The assumptions in Statement B are a simple method of computing the residuals. In theory, we can estimate slightly better residuals, but the extra effort is not worth the slight gain in accuracy. The simple assumptions cause the residuals for the first few terms to be slightly over-stated, but the over-statement is not material.
Statement C: White noise process
The residuals are slightly over-stated and autocorrelated for the first few terms, but this discrepancy is not material. The residuals resemble a white noise process; they are not exactly a white noise process. The exam problems do not harp on this distinction.
Take heed: We test the residuals to validate the fitted model. If we fit an AR(1) process, the residuals resemble a white noise process, not a random walk or an AR(1) process.
Checking the residuals is an in-sample test.
Out-of-sample tests are also important.
We use both in-sample and out-of-sample tests.
In-sample tests compare the past estimates with the observed values.
Out-of-sample tests compare the forecasts with future values.
Your student project should leave out several values for out-of-sample tests.
Illustration: For a time series of monthly interest rates or sales or gas consumption, we may use years 20X0 through 20X8 to fit the model and year 20X9 to check the model.

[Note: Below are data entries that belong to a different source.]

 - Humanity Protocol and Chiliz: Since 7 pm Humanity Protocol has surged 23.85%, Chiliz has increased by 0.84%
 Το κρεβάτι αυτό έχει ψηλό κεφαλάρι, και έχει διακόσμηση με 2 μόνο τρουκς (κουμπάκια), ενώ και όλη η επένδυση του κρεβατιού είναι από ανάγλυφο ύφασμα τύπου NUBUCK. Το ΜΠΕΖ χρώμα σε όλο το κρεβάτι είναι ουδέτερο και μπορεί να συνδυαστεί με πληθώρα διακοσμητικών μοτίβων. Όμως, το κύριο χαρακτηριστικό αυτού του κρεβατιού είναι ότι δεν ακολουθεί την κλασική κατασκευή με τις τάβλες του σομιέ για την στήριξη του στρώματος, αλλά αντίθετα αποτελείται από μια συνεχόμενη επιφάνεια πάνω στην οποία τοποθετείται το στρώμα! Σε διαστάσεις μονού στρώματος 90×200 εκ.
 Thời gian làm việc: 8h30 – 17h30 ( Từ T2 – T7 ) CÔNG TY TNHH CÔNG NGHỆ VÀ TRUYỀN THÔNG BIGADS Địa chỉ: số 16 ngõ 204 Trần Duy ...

For final exam problems, distinguish between in-sample and out-of-sample tests. Know the tests used for each, and how we compare different models.
Statement D: The variance is 1/T; the standard deviation is the square root of 1/T.

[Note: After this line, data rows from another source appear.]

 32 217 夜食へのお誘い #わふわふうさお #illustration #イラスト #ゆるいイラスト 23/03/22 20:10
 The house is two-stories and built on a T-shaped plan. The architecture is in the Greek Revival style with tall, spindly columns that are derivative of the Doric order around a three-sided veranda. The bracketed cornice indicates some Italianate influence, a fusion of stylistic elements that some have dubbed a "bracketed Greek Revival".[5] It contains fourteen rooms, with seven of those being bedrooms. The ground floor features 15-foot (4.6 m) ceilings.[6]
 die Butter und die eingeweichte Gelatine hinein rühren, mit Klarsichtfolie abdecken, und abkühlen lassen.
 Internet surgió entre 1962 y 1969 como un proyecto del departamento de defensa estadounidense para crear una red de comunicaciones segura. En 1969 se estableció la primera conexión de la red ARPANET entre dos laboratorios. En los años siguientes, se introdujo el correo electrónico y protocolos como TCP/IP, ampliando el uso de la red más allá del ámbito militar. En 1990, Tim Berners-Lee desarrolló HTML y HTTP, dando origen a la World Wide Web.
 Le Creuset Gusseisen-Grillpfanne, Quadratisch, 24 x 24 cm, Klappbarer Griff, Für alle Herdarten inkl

Take heed: The exam problems ask about
The distribution, which is normal, not ÷-squared, lognormal, or other.
The variance or standard deviation: we use the number of observations, not the degrees of freedom. We don’t use T – p – q.
Keep several principles in mind:
As T increases, the sum of squared errors of the time series increases. It is proportional to T – p – q. In most scenarios, p and q are small and T is large, so the sum of squared errors increases roughly in proportion to T.
As T increases, the expected variance of the time series doesn’t change. It may increase or decrease, but it is unbiased, so we don’t expect it to increase or decrease.
As T increases, the variance of the sample autocorrelations decreases in proportion to 1/T if the residuals are a white noise process.
Statement E: The term approximately is used because the residuals are not exactly a white noise process.
Take heed: Know the formula and use of the Box-Pierce Q statistic and the Ljung-Box Q statistic. We don’t use all the residuals. If we have 200 observations in the time series, we might use sample autocorrelations from lag 5 to 35.The first few sample autocorrelations have slight serial correlation even for a white noise process and correlations of higher lags and less stable.